Today's agents are simply not capable enough - without very close and labour-intensive human supervision - to produce code that can last through evolution over any substantial period of time.
Debugging would suffer as well, I assume. There's this old adage that if you write the cleverest code you can, you won't be clever enough to debug it.
There's nothing really stopping agents from writing the cleverest code they can. So my question is, when production goes down, who's debugging it? You don't have 10 days.
> the art is load-bearing
This is beautiful
The problem is, the MBAs running the ship are convinced AI will solve all that with more datacenters. The fact that they talk about gigawatts of compute tells you how delusional they are. Further, the collateral damage this delusion will occur as these models sigmoid their way into agents, and harnesses and expert models and fine tuned derivatives, and cascading manifold intelligent word salad excercises shouldn't be under concerned.

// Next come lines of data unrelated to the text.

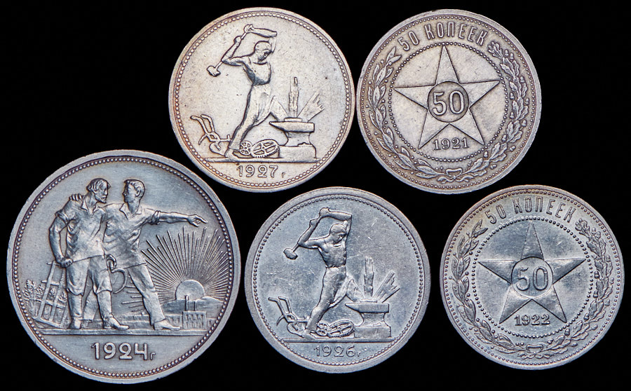 XF-AU Рубль 1924, 50 копеек 1921 (АГ) 50 копеек 1922 (ПЛ) Полтинник 1926 (ПЛ) Полтинник 1927 (ПЛ)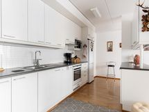 - Jääkaappi/pakastin, erillisuuni- ja taso, astianpesukone, kaapistot, liesituuletin hormiin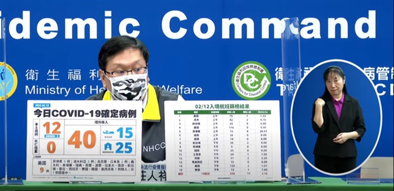 境外移入個案為18例男性、22例女性,年齡介於未滿10歲至60多歲,分別美國(9例)、菲律賓(4例)、澳大利亞(3例)、烏克蘭及日本(各2例)、義大利、柬埔寨、瑞典、芬蘭、波蘭、加拿大、南非、新加坡、蒙古、西班牙、寮國、韓國及墨西哥(各1例)移入;另7例調查中。入境日介於今(2022)年1月12日至2月12日。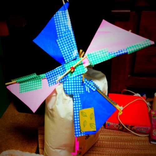 うりちゃんの作品。 太さの違う筒を重ねて、シュッシュとできます。 先の洗濯バサミに技がきいてます。うりちゃんのアイデア。家には空気入れがなくて、 いつもスーパーに設置されている機械でいれているのに、 どこでこのタイプを覚えたんだろう。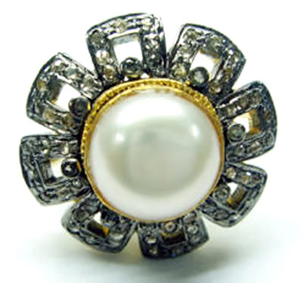 costozon uncut ring Total carat weight 4.4 TCW, 1.4 Carat Natural Rose cut Diamond and 3 Carat Pearl Studded in 7 Gms 925 Sterling Silver vintage style jewelry Online with IGL Certification, Free Shipping, BIS Hallmark, 30 Day Easy Return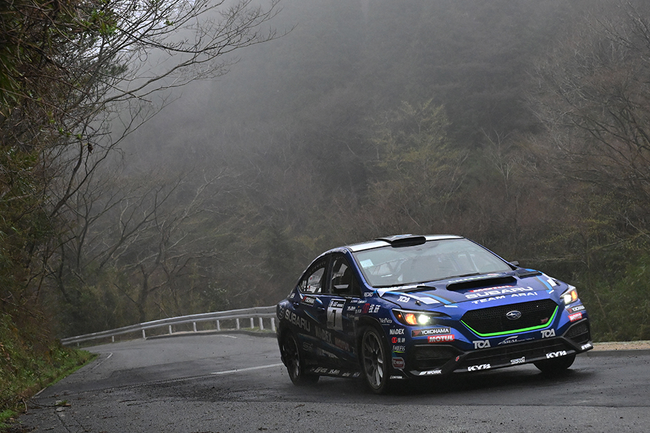 全日本ラリー選手権第2戦「SAGA RALLY NATIONAL CHAMPIONSHIP 2026 SUPPORTED BY BLUE BATTERY caos」は4月4日(土)、競技初日となるレグ1の走行が行われ、SUBARUがサポートする新井敏弘/安藤裕一組は、初日を6番手で終えました。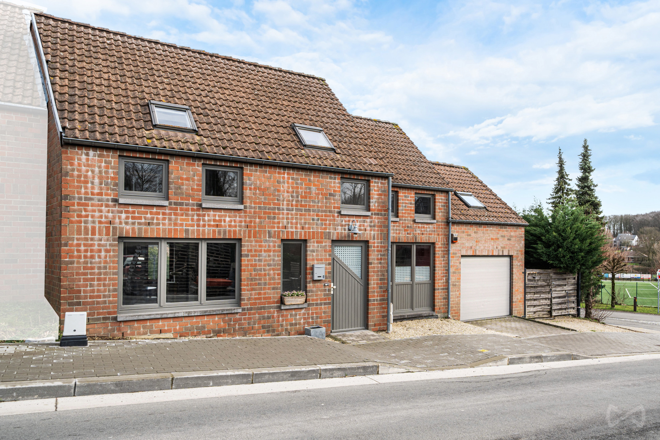 On the ground floor, you will find an entrance hall with separate toilet and cloakroom, a bright living room with wood-burning cassette and dining area providing access to the outside, a fully equipped kitchen with laundry room, as well as a garage with sectional door.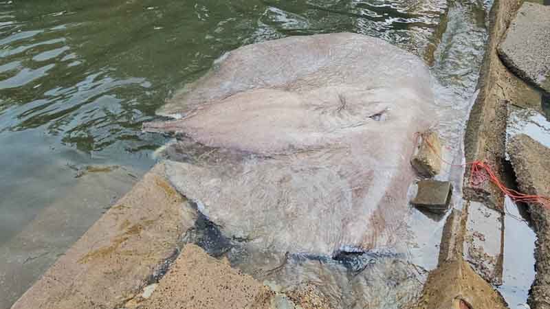 สลด พบซากกระเบนราหู ใหญ่กว่า 2 เมตร ริมทะเลดอนหอยหลอด น่าเศร้าหางถูกตัด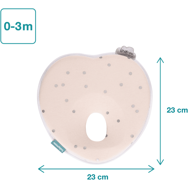La almohada para bebés Lovenest se puede usar desde el nacimiento en cualquier portero, cama o cochecito y se puede lavar a máquina a 30°.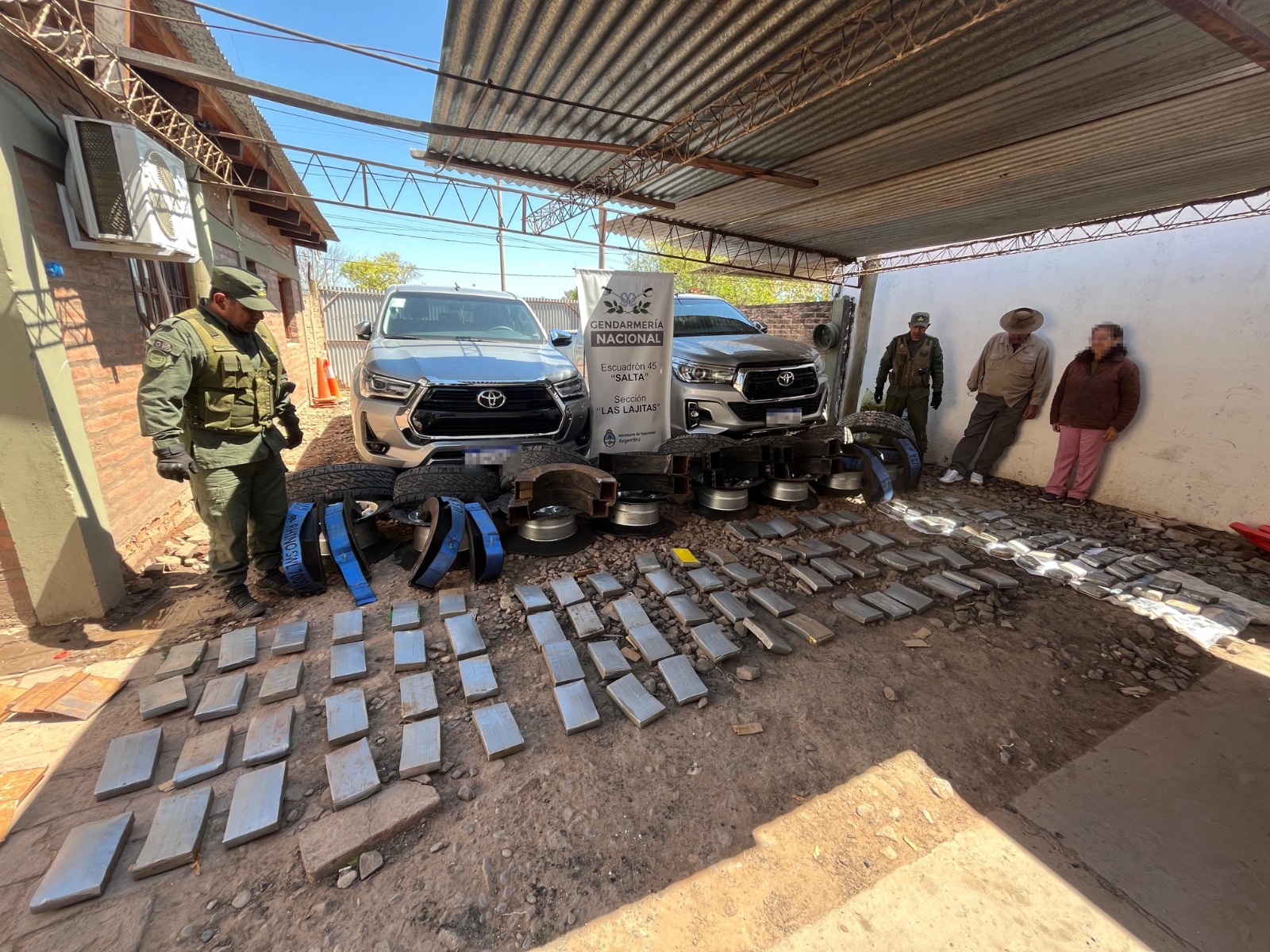 Fue durante un control sobre la Ruta Provincial N° 5, a la altura de la localidad de General Pizarro, donde descubrimos que dos camionetas transportaban más de 110 kilos de cocaína. Durante la inspección de los vehículos, los uniformados notaron irregularidades en la calibración de los neumáticos, los cuales presentaban exceso de aire.

Something is missing in the common test suite if this can occur, right?
A lot of that can be overcome by including the need to be able to put more floors on top as part of the spec. Whether it be humans or agents, people rarely specify that one explicitly but treat it as an assumed bit of knowledge.
It goes the other way quite often with people. How often do you see K8s for small projects?
This just sounds like incomplete specs to me. And poor testing.
They can work really well if you put sufficient upfront engineering into your architecture and it's guardrails, such that agents (nor humans) basically can't produce incorrect code in the codebase. If you just let them rip without that, then they require very heavy baby-sitting. With that, they're a serious force-multiplier.